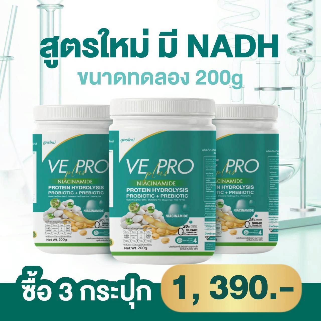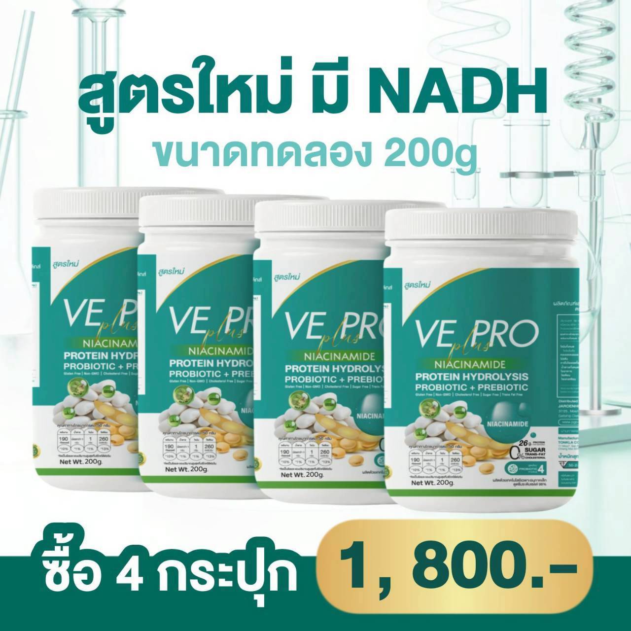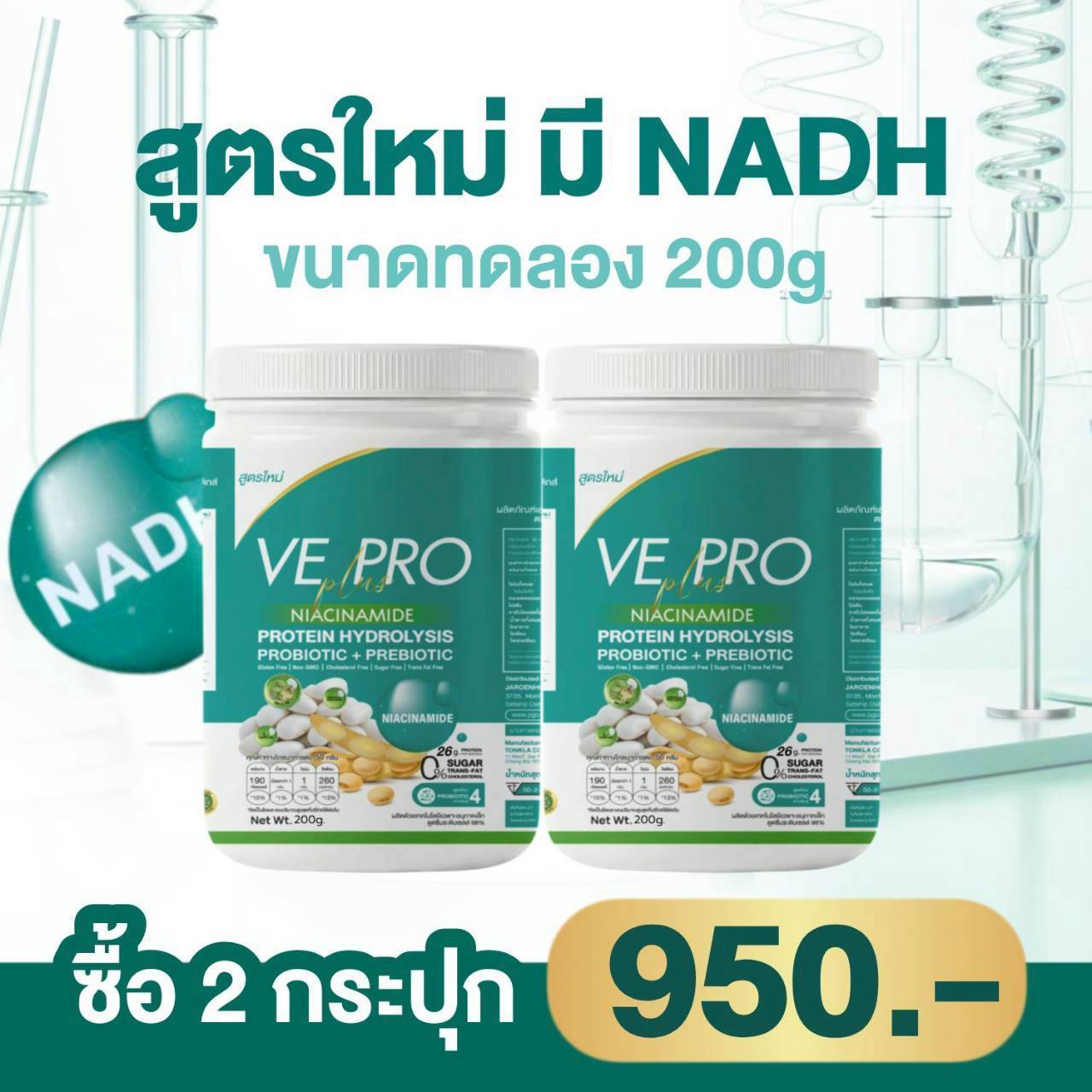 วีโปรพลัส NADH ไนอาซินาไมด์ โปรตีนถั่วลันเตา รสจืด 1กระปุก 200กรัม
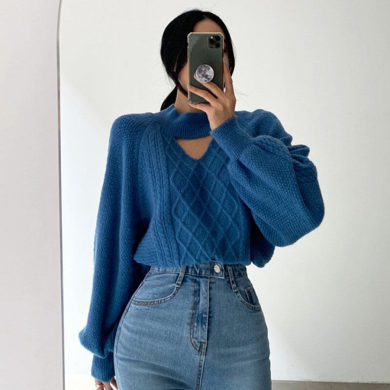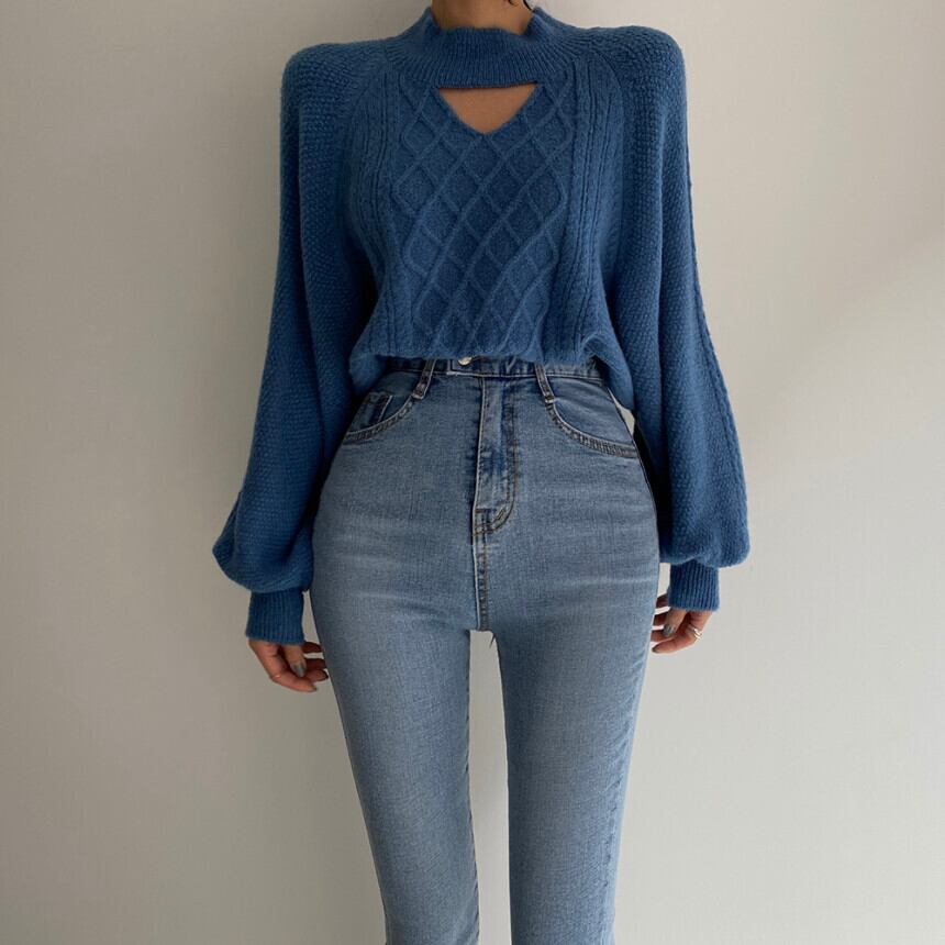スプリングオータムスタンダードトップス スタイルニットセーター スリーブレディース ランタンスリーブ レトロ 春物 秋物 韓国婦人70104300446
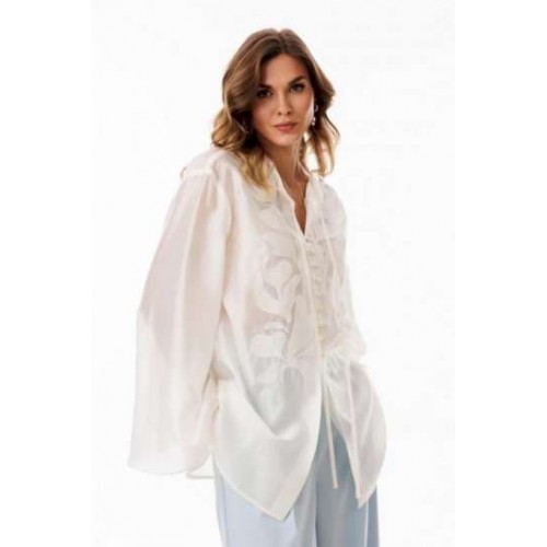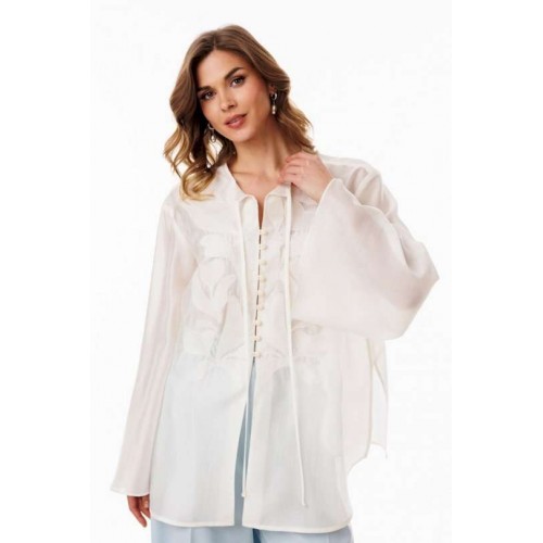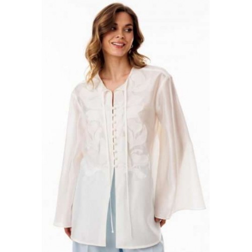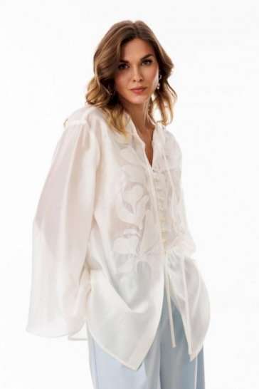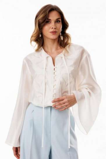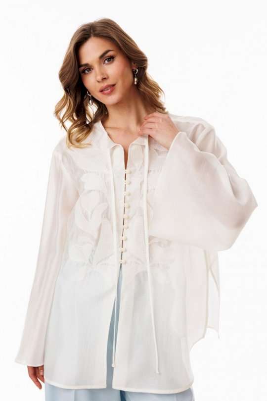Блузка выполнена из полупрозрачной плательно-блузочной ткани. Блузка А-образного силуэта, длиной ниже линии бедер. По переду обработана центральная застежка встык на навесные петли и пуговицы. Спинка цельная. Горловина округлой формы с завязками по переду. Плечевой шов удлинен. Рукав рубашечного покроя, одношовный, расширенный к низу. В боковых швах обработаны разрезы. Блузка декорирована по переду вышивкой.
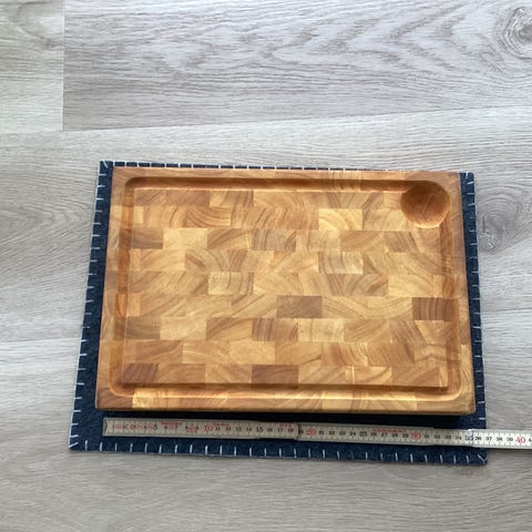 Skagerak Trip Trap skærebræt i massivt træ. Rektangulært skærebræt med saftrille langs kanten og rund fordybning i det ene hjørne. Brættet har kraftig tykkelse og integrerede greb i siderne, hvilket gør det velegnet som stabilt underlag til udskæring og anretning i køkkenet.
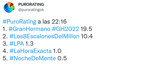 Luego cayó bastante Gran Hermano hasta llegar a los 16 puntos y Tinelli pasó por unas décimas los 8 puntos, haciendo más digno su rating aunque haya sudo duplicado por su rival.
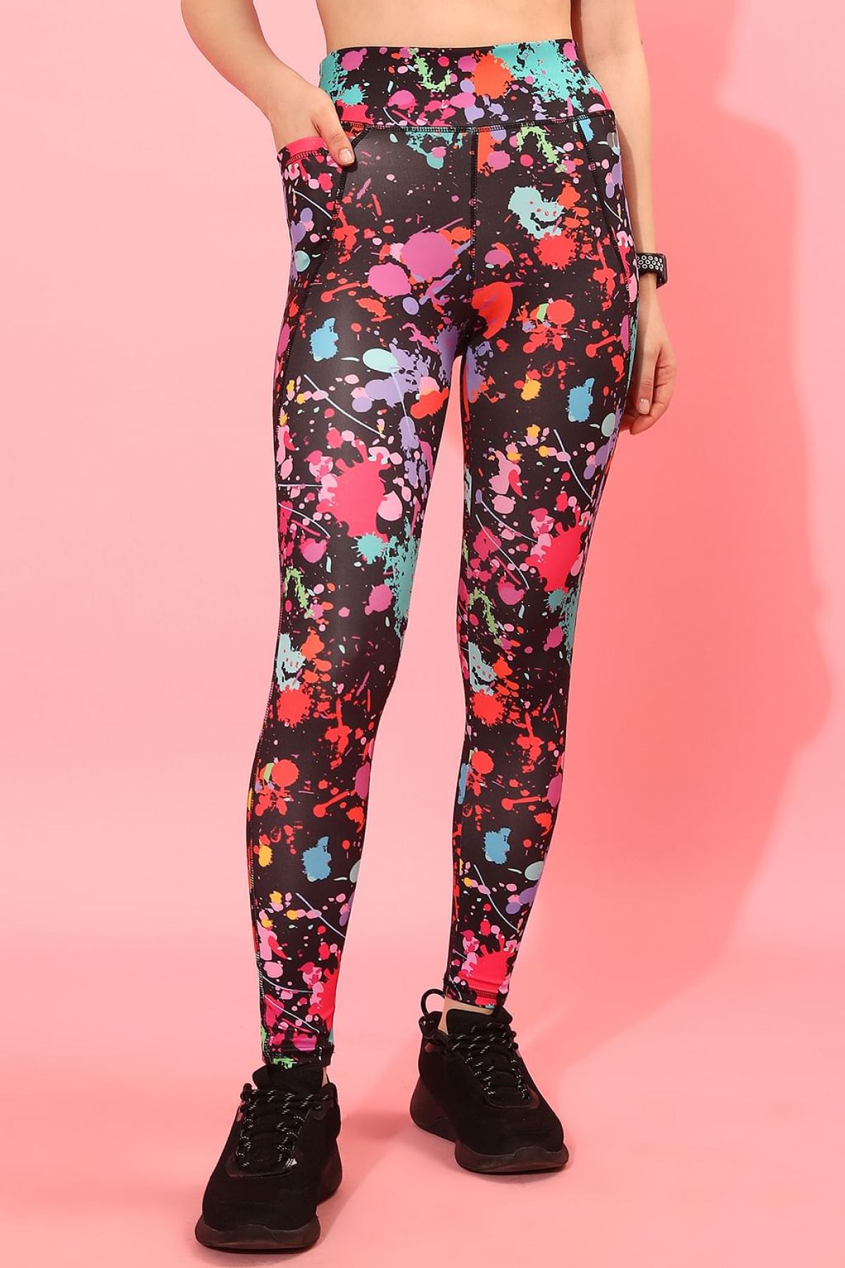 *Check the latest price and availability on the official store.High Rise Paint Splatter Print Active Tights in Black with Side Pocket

• **Required work**: Copy exactly, with no pictures, the lines from the line containing "Skagerak Trip Trap" through the last line of the records above.

• **Expected output**:
 Skagerak Trip Trap skærebræt i massivt træ. Rektangulært skærebræt med saftrille langs kanten og rund fordybning i det ene hjørne. Brættet har kraftig tykkelse og integrerede greb i siderne, hvilket gør det velegnet som stabilt underlag til udskæring og anretning i køkkenet.
 Luego cayó bastante Gran Hermano hasta llegar a los 16 puntos y Tinelli pasó por unas décimas los 8 puntos, haciendo más digno su rating aunque haya sudo duplicado por su rival.
 *Check the latest price and availability on the official store.High Rise Paint Splatter Print Active Tights in Black with Side Pocket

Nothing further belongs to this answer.